To do
Write out only the lines from the line that holds "AAA級是企業信用AAA、A" to the end of the listing below, inclusive, with the pictures omitted.

Supplied material
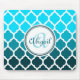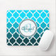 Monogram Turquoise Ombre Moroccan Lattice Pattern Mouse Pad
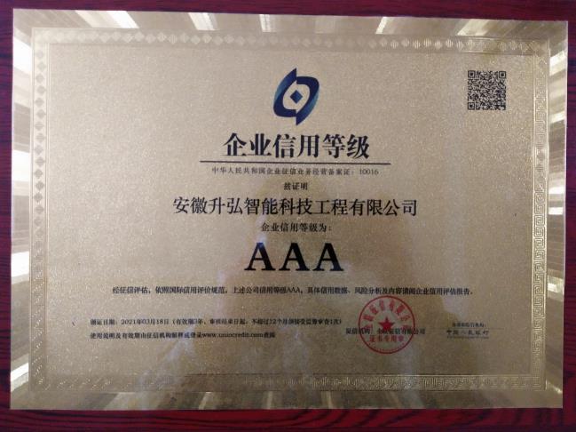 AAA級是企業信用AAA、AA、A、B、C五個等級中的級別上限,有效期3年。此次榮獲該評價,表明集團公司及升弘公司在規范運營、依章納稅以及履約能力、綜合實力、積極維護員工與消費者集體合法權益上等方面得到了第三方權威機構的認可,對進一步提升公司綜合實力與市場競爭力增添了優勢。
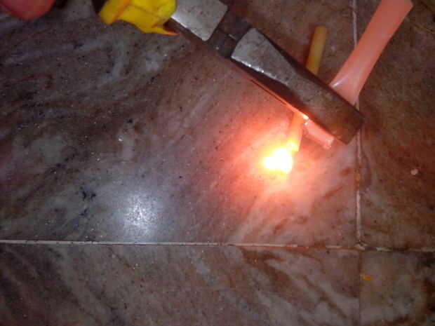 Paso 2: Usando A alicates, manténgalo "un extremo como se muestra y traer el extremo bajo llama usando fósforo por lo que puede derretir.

Exercise output
 AAA級是企業信用AAA、AA、A、B、C五個等級中的級別上限,有效期3年。此次榮獲該評價,表明集團公司及升弘公司在規范運營、依章納稅以及履約能力、綜合實力、積極維護員工與消費者集體合法權益上等方面得到了第三方權威機構的認可,對進一步提升公司綜合實力與市場競爭力增添了優勢。
 Paso 2: Usando A alicates, manténgalo "un extremo como se muestra y traer el extremo bajo llama usando fósforo por lo que puede derretir.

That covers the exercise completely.